Provided records Start Marker

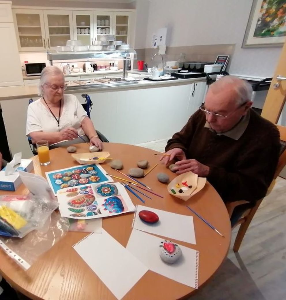 The residents and team had so much fun painting colourful images and words that make them happy on rocks, as part of our summer community project, which will be creating a wonderful rock garden for all the residents to enjoy. Horsell Lodge reached out to relatives and the local community inviting them to paint their own rocks and bring them into the home to add to the rock garden.
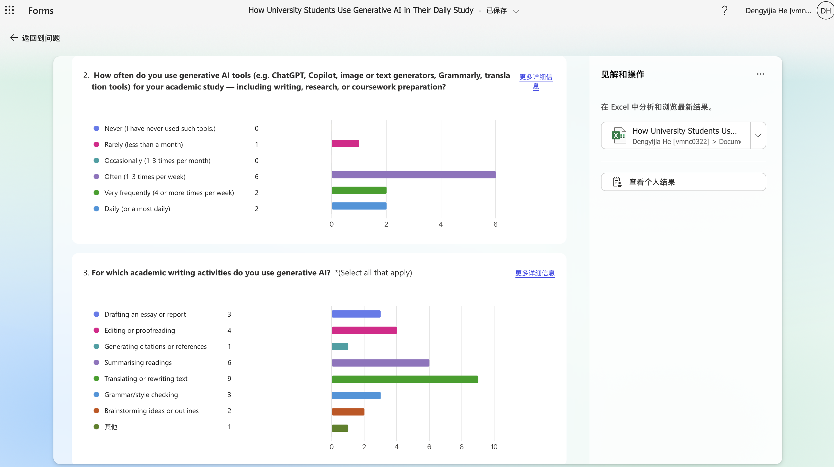 This week, we made a visual analysis of the questionnaire data collected last week, mainly through pie charts and line charts in Excel,
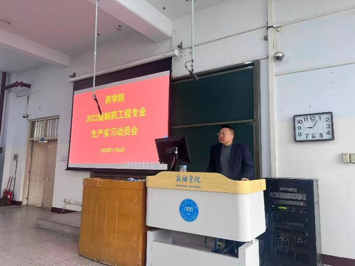 为帮助学生明确实习目标、增强安全意识,促进理论知识向实践能力的有效转化,2025年11月6日,2022级制药工程专业生产实习动员大会在A01-110教室召开。williamhill英国副院长齐永华、制药工程教研室主任贾若凌、药学专业教研室主任王占勇,以及专业教师、辅导员和2022级全体学生共同参会,动员会由贾若凌主持。
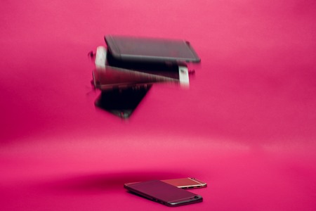 Modern Smartphone Communications: A Pile of Used Mobile Devices on a White Background, Illustrative Concept of Digital Waste
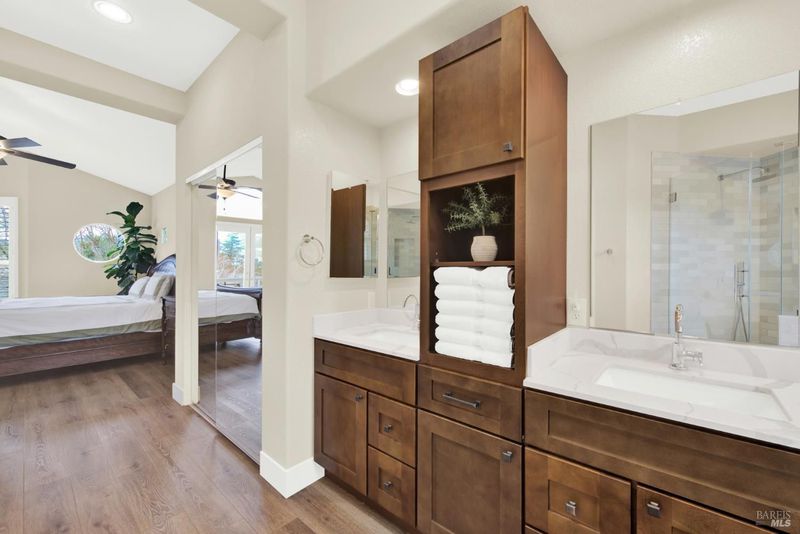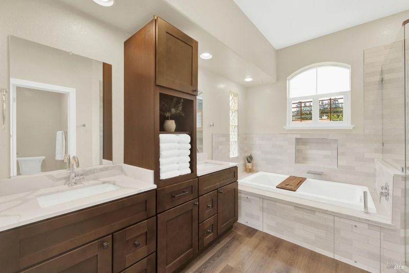 - Closet, Double Sinks, Quartz, Shower Stall(s), Skylight/Solar Tube, Soaking Tub, Walk-In Closet, Window
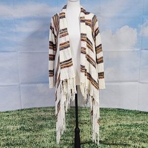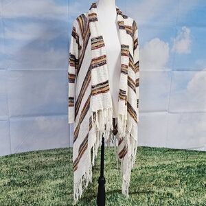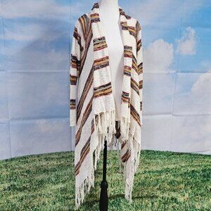 ESCIO | WATERFALL FRONT, FRINGE BOTTOM STRIPED LIGHTWEIGHT CARDIGAN
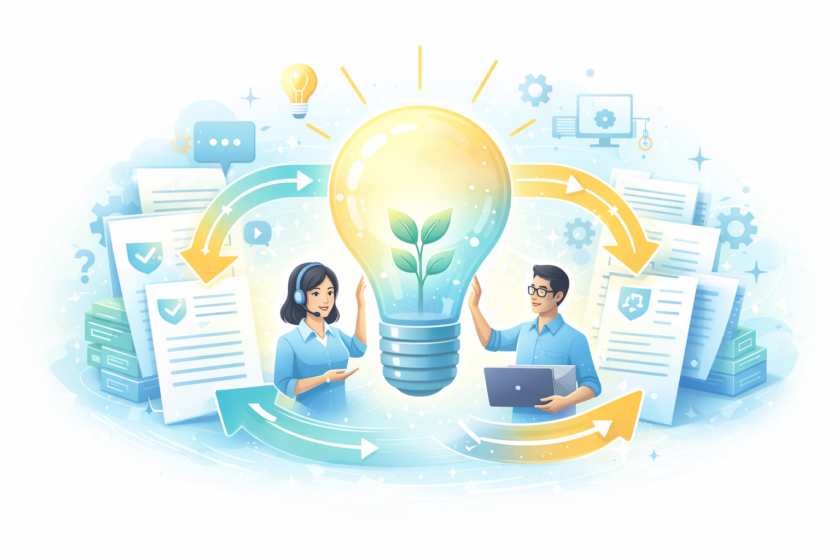 “生きたナレッジ”とは、単なる一問一答の集まりではなく、状況・前提・判断基準まで含めて整理され、継続的に更新される社内知識です。従来のテンプレ回答が「Q:◯◯/A:△△」という静的なFAQに近いのに対し、“生きたナレッジ”は「どのような状況でそのQが発生しやすいか」「どの条件ならこのAを使い、どの条件なら別のAに切り替えるか」「適用時のリスクや例外事項は何か」まで構造化されている点が決定的に異なります。これを支えるのが、日々の問い合わせと対応を起点にしたナレッジ運用です。
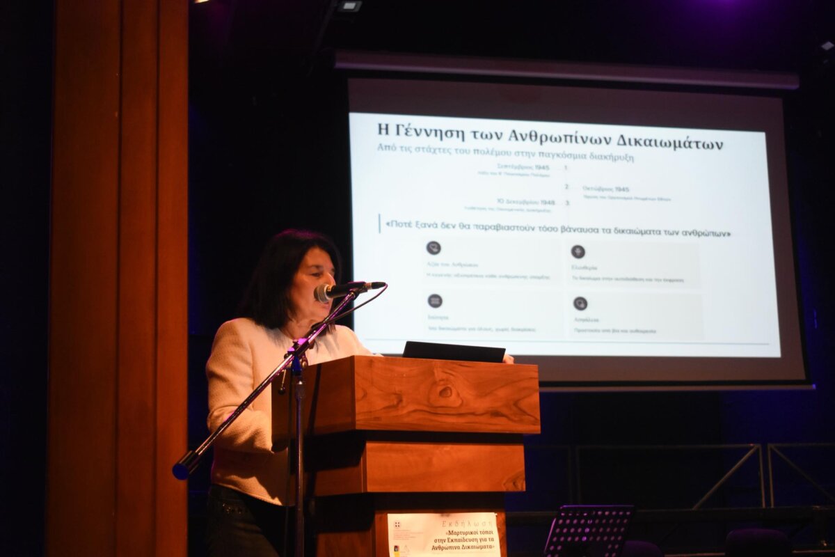 «Τα παιδιά μας θα πρέπει να κατανοήσουν ότι τα ανθρώπινα δικαιώματα δεν είναι κεκτημένα, αλλά κατακτώνται» τόνισε η Περιφερειακή Διευθύντρια Εκπαίδευσης Θεσσαλίας κ. Βασιλική Ζιάκα, λίγο πριν την εκδήλωση με αφορμή την Παγκόσμια Ημέρα Ανθρωπίνων Δικαιωμάτων, που διεξάγεται στο ΔΩΛ από μαθητές, εκπαιδευτικούς, μουσικούς και πανεπιστημιακούς με τίτλο «Μαρτυρικοί τόποι στην Εκπαίδευση για τα Ανθρώπινα Δικαιώματα».
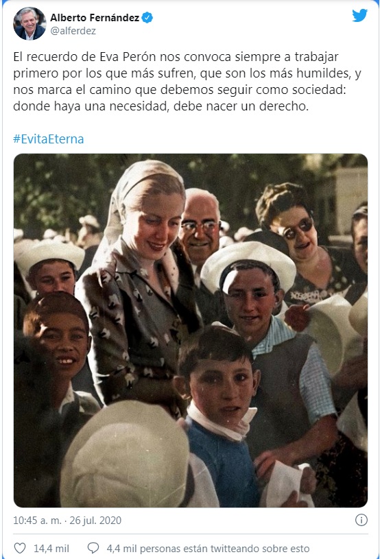 "El recuerdo de Eva Perón nos convoca siempre a trabajar primero por los que más sufren, que son los más humildes, y nos marca el camino que debemos seguir como sociedad: donde haya una necesidad, debe nacer un derecho", escribió el Presidente en su cuenta oficial de Twitter.
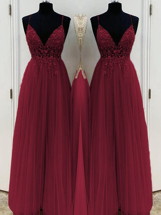 A-Line/Princess V-neck Tulle Applique Sleeveless Floor-Length Dresses
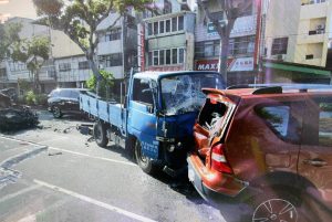 整起案件共波及4部車輛,造成尤姓男子(3方車)及江姓女子(4方車)受擦挫傷,無生命危險,豐原分局依規定處理。
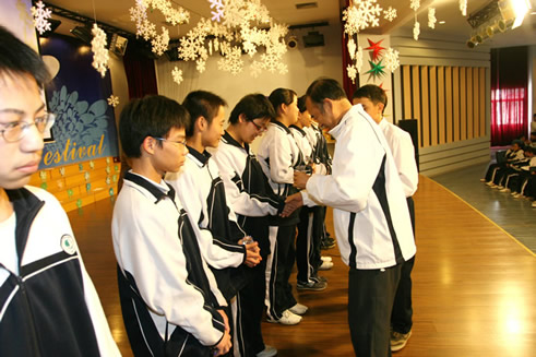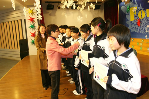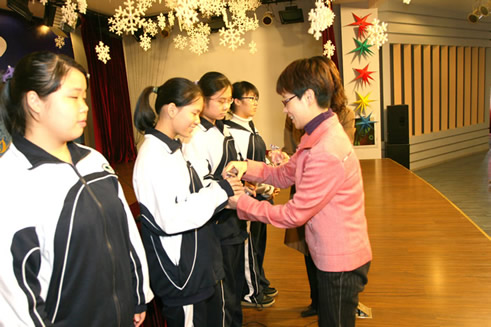 邬校长给初三年级的“诚信之星”同学颁发水晶奖座
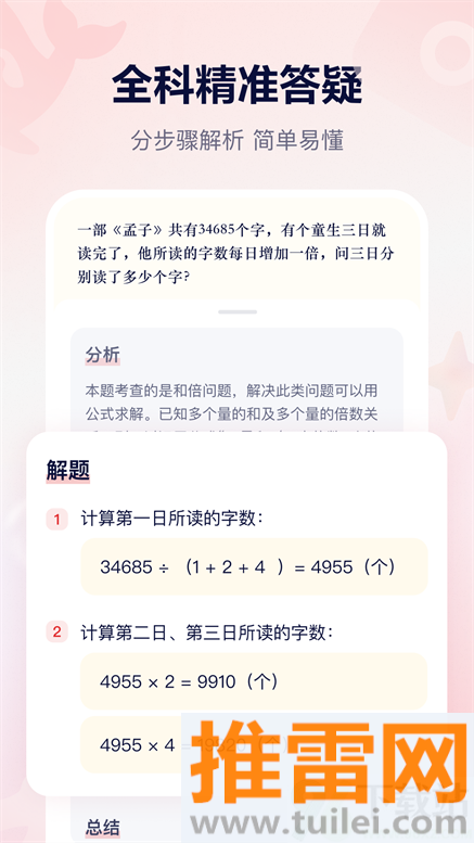 答:这款应用主要面向小学到高中阶段的学生,内容覆盖各个年级的知识点,难度会根据用户输入的题目自动匹配相应水平。
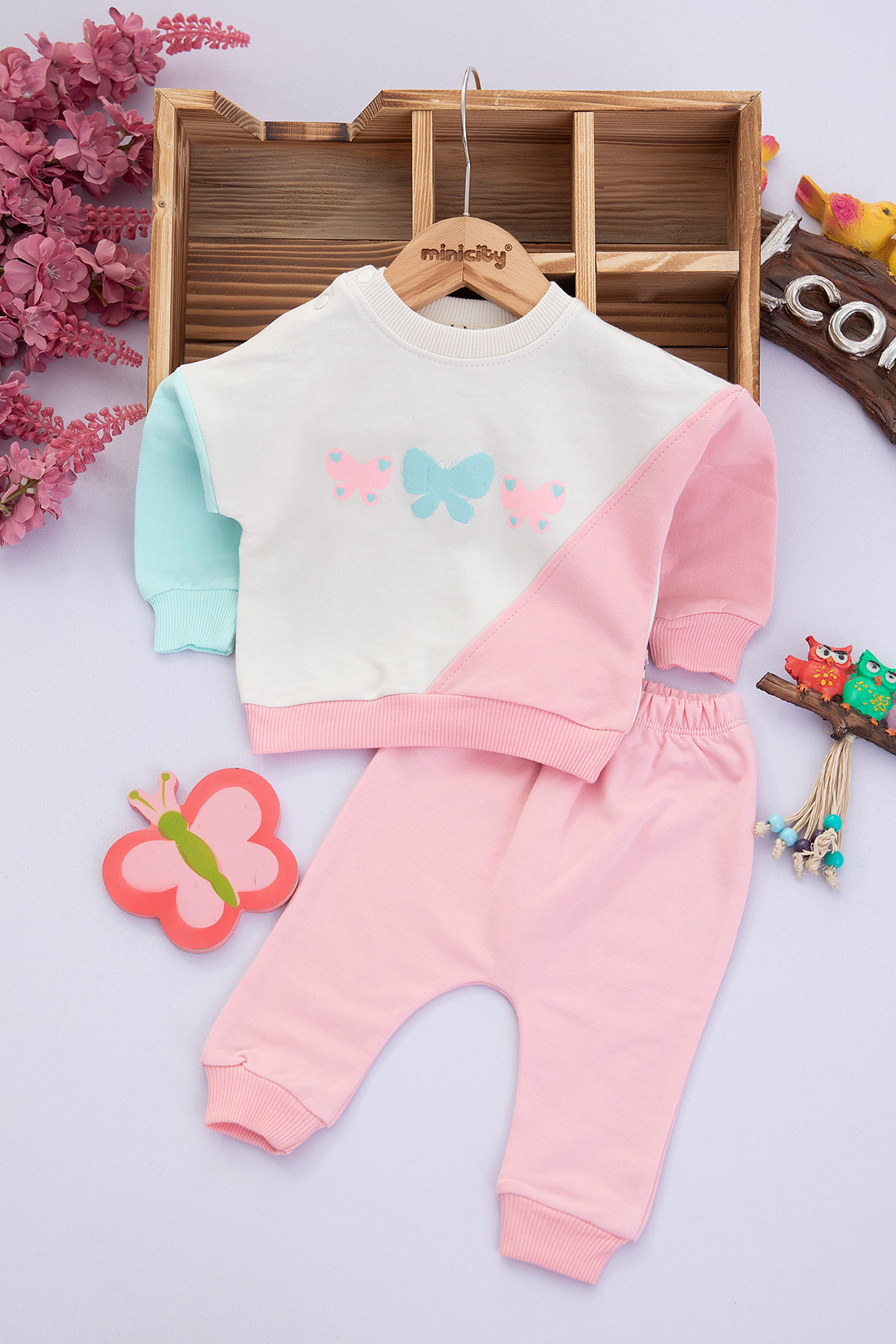 Kız Bebek Kelebek Baskılı İkili Takım - 3033 (6-18 Ay)

Provided records End Marker

Your task
Give again, word for word, every line from the top of the data above to the line holding "为帮助学生明确实习目标、增强", inclusive, with the pictures left out.

Solution for this problem
 The residents and team had so much fun painting colourful images and words that make them happy on rocks, as part of our summer community project, which will be creating a wonderful rock garden for all the residents to enjoy. Horsell Lodge reached out to relatives and the local community inviting them to paint their own rocks and bring them into the home to add to the rock garden.
 This week, we made a visual analysis of the questionnaire data collected last week, mainly through pie charts and line charts in Excel,
 为帮助学生明确实习目标、增强安全意识,促进理论知识向实践能力的有效转化,2025年11月6日,2022级制药工程专业生产实习动员大会在A01-110教室召开。williamhill英国副院长齐永华、制药工程教研室主任贾若凌、药学专业教研室主任王占勇,以及专业教师、辅导员和2022级全体学生共同参会,动员会由贾若凌主持。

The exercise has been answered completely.